Page 38 of Don't Let Him In

THIRTY-THREE

Al has quit his job, just as he said he would, and now, on a bright and hopeful December morning, ten days before Christmas, they are working together in the shop. Al is doing the accounts and Martha is attaching jingle bells to holly wreaths. Christmas music is playing through the speakers and she feels a swell of joy in the pit of her stomach. This is it, she thinks, no more stupid job. No more last-minute emergency chases across the country. No more overnights. No more switched-off phone. Just her and her husband, side by side, sharing their space, sharing their beautiful life.

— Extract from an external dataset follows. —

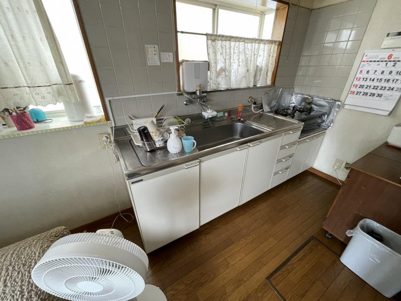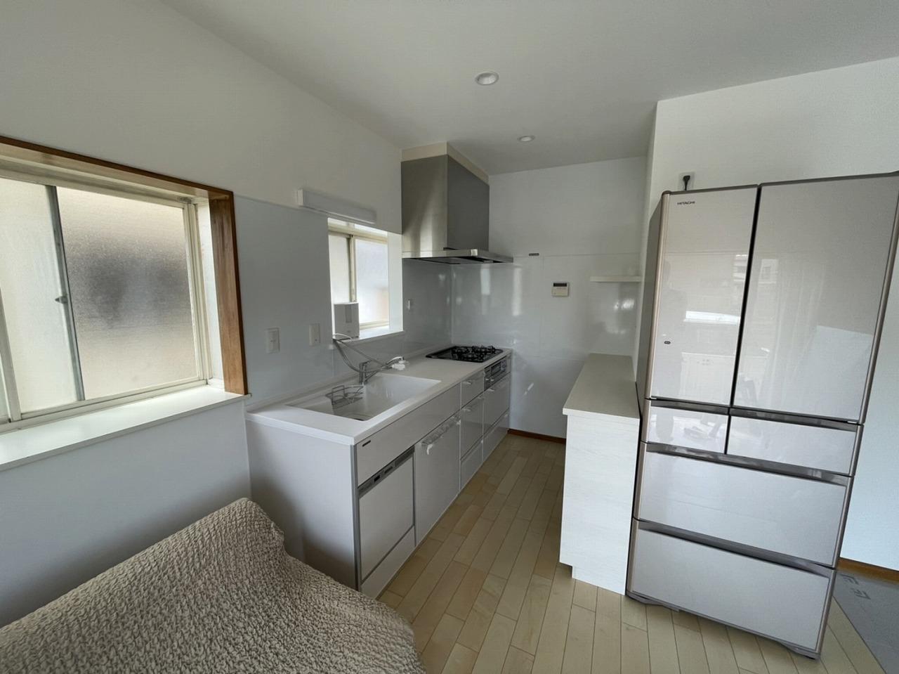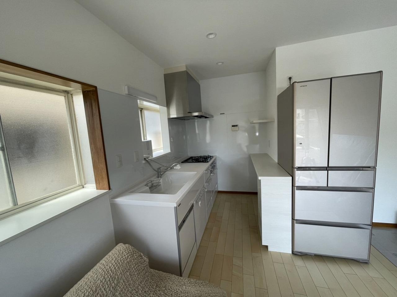 幅90センチのレンジフードを選択されて、窓にかかってしまうフードに対してふかし壁をつくりました。床を貼替えキッチンを交換してから壁天井を仕上げたので工期が9日かかりましたが、きれいに仕上がりました。

The door opens and a customer walks in. Al straightens up and takes off his reading glasses. “Good morning,” he says to the middle-aged man, in his most welcoming tone.

“Good morning,” the man replies, his stern face softening. “Can you help me? It’s my wife’s birthday. The big five-oh. I want to take something home tonight that will knock her socks off.”

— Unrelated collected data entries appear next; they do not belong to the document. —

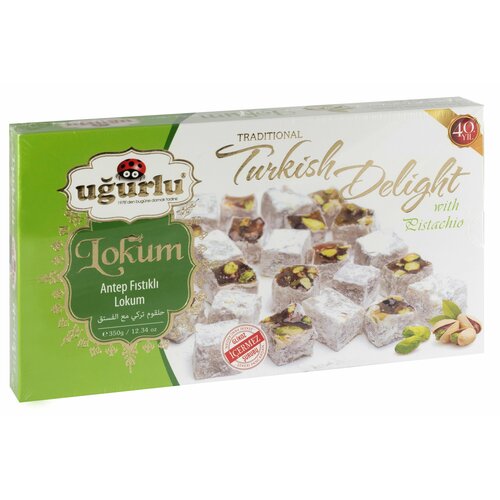 UGURLU Рахат лукум 350 гр с фисташками в сахарной пудре (ANTEP FISTIKLI LOKUM PUDRA SEKERLI 1/12)
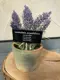 Met de hand vervaardigde aged terra cotta pot waarin een -niet van echt te onderscheiden- kunststof lavendelplant en een plantensteker.
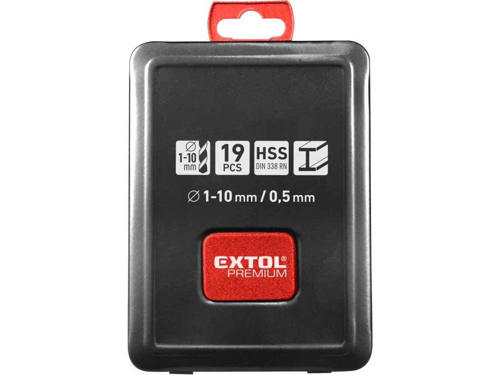 Vrtáky do kovu, HSS, DIN338, 19-dielna sada, pr. 1-10mm/0,5mm, kovové puzdro, HSS, EXTOL PREMIUM

“In which case,” Al says smoothly, “I will hand you over to my beautiful wife, who is the most skilled and knowledgeable florist in the southeast, if not the world.”

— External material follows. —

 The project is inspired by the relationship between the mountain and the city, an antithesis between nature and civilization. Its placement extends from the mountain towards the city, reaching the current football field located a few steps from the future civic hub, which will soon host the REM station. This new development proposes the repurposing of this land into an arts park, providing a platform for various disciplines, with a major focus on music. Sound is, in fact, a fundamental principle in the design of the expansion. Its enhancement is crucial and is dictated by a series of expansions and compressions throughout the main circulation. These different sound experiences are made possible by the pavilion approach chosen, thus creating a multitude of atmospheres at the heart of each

Martha shrugs off his compliment with a dry laugh, but her stomach rolls gently. She likes how proud Al is of her, how much respect he has for her trade, her craft. And more important, right now she really likes Al. Eversince he quit his job a week ago, he’s been amazing. So warm with her, so attentive with the children, especially, strangely enough, with her younger son.

Over the past few days, something remarkable seems to have happened between the two of them. Jonah had come home early from school last Friday, feeling ill. Al, who’d been at home with Nala, sat him at the kitchen table with soup and sympathy and then, apparently, had some kind of seismic conversation with him about his gender identity. Jonah told Al that someone at school had said he looked like a girl and that he’d liked it and now he didn’t know if he was a boy or a girl, and that someone in his class had changed their pronouns and now he was wondering about it too, and Al had told him that whatever he wanted to be was absolutely fine and that he should not rush into anything and that he and Martha would support him in whatever he decided to do.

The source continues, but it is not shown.